Roger Rightwing beschäftigte sich mit sich selbst. Das hiess: Er las den Eintrag über sich auf Wikipedia.
Ödeli hatte keinen Eintrag auf Wikipedia. Ödeli war niemand und deshalb schrieb auch niemand Blödsinn über ihn hinein. Roger Rightwing hingegen korrigierte die Angaben zu seiner Person regelmässig. Zuerst machte er die Boshaftigkeiten rückgängig. Dann schrieb er alle seine eigenen Einträge um, die ihm nicht mehr passend schienen. Roger Rightwing ging mit der Zeit.
Rogers Kopf war jetzt abgetaucht, Ödeli sah ihn nicht mehr, doch nach etwa fünf Minuten lugte der Kopf neben dem Bildschirm hervor.
Ödeli hörte einen Singsang: “Ich sehe dich, du siehst mich nicht! Ich sehe dich, du siehst mich nicht!”
Ödeli duckte sich bei jedem Wort.
“Komm er her, Bänz. Er soll mir helfen.”
“Oh, das würde ich niemals wagen. Mit meiner schlechten Schreibe.”
“Du sollst mir nur zusehen. Du kannst dabei lernen, wie man einen Text redigiert. Siehst du, in meinem Wikipedia-Eintrag steht: ‚Aufgewachsen in Baar…‘, ich mache daraus: ‚Mit zwei Jahren erster Auslandaufenthalt in Paris’. Ist doch wurscht, wo ich aufgewachsen bin.
Ödeli schwitzte. Seine Stimme verriet Unsicherheit.
“Darf man das?”
“Freilich! Es ist aufwändig nachzuweisen, dass ich die Einträge selbst gemacht habe. Was mich am meisten stört, ist dieses ‚rechtsgerichtete politische Position’, auch ‚rechtsliberal’ gefällt mir nicht. Jetzt schau mal, ich schreibe da hinein, hm, ich schreibe: ‚ultranationalistisch’.”
Ödeli schwitzte. Sein Atem war warm. War das ein Test?
“Ultranationalistisch?”
“Ja, das ist lustig. Ich könnte auch hineinschreiben, dass ich Bon Jovi, Rosa Luxemburg oder Doktor Goebbels verehre. Würde dir das nicht gefallen, Bänz? Du kannst dann am Abend wie immer die neue Version meines Eintrags ausdrucken und in die zweitoberste Schublade deines Schreibtischs ablegen.”
Ödeli schwitze. Sein warmer Atem stockte. Wie konnte Rightwing das wissen?
“Ja, Bänz, das tust du nämlich. Du vergleichst alle meine Wikipedia-Fassungen. Du denkst: Vielleicht nützt es mir einmal. Oder es rettet meinen Arsch. Du musst nur beweisen, dass ich die Änderungen gemacht habe. Aber das ist nicht so einfach.”
Ödeli schwitzte. Er sah aus, als sei er samt Kleidern in ein Dampfbad gestiegen.
Es war ein Test. Vielleicht der letzte Test.
Jetzt war es da, das Roger-Rightwing-Augenfunkeln. Es war herablassend und schadenfreudig. Wenn Rightwing so dreinsah, war Stufe 7 auf der Redaktionsunheilskala.
Ödeli tropfte.
“Siehst du, Bänz, dass hinter dem Wikipedia-Fenster ein weiteres herausschaut? Nur drei Millimeter. Nimm die Maus und klick das Wikipedia-Fenster weg, aber überschwemm mein Pult dabei nicht.”
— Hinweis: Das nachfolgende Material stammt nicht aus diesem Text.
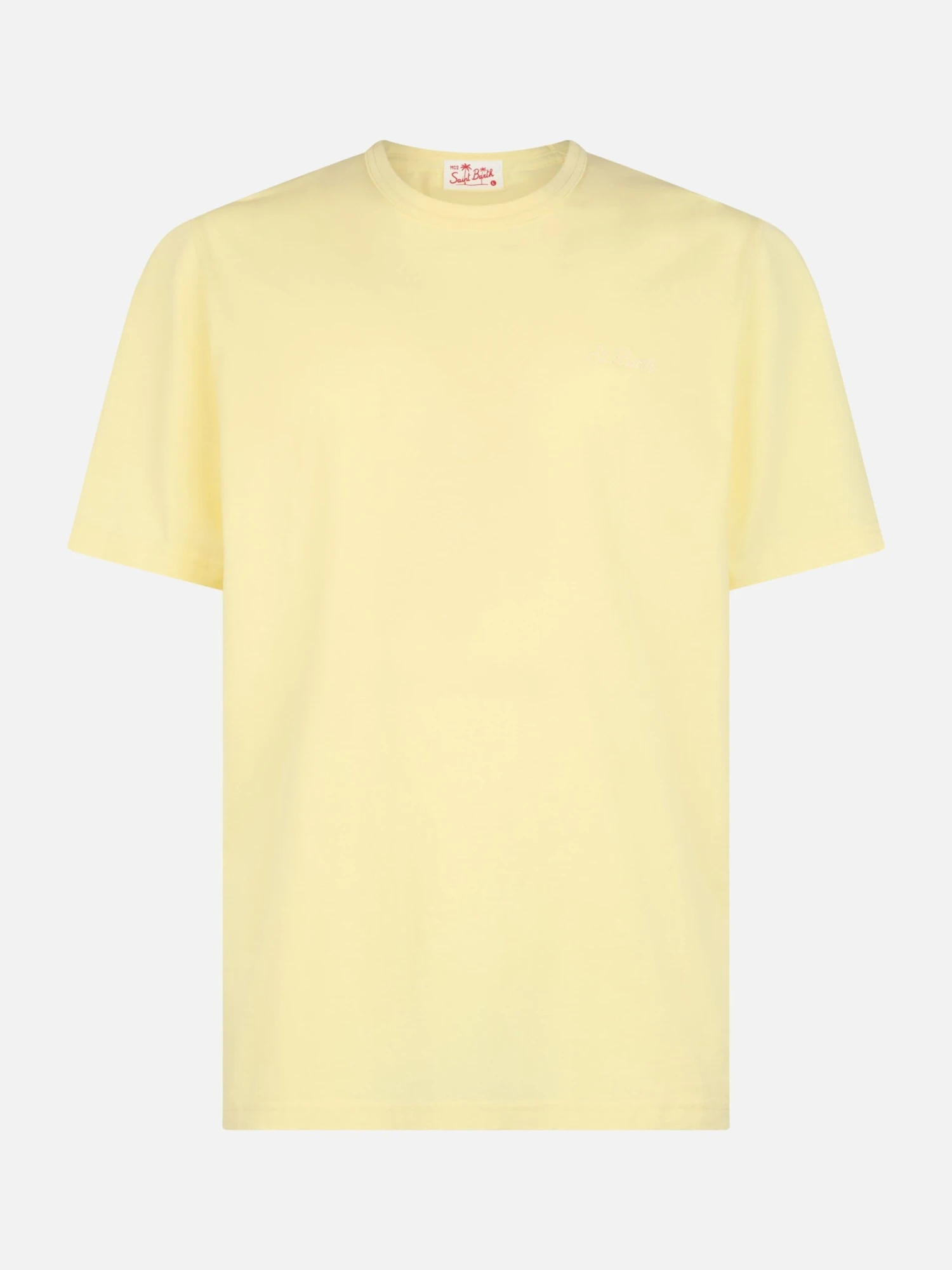 MC2 Saint Barth Man Pale Yellow Cotton Jersey T-shirt Dover With St. Barth Embroidery

Ödelis zitternde Finger griffen nach der Maus, der Cursor lag über dem x, Ödeli klickte. Er dachte an das Geräusch der Guillotine, wenn sie in den obersten Halswirbel kracht.
“Was siehst du jetzt?”
Ödelis Mund stiess feuchte Wölklein aus.
“Ein Entlassungsschreiben.”
Roger Rightwing schüttelte den Kopf.
“Mein Entlassungsschreiben?”
“Genau. Aber schau mal, was ich jetzt tue? Ich klicke es weg. Du bist noch einmal davongekommen, Bänz. Das passiert, wenn man mich ausspioniert. Merk er sich das.”
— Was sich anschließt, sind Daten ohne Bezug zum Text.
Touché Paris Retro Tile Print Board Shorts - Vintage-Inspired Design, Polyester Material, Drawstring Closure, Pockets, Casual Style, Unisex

Rightwing stand auf und entfernte sich mit einem tiefen Grunzen. Auf dem Weg zum Kaffeeautomaten trällerte er: “Ich sehe dich, du siehst mich nicht. Ich sehe dich, so siehst mich nicht.”
Ödeli sank in sich zusammen. Er seufzte: “Allmächtiger!” Es war nicht klar, wen er damit meinte.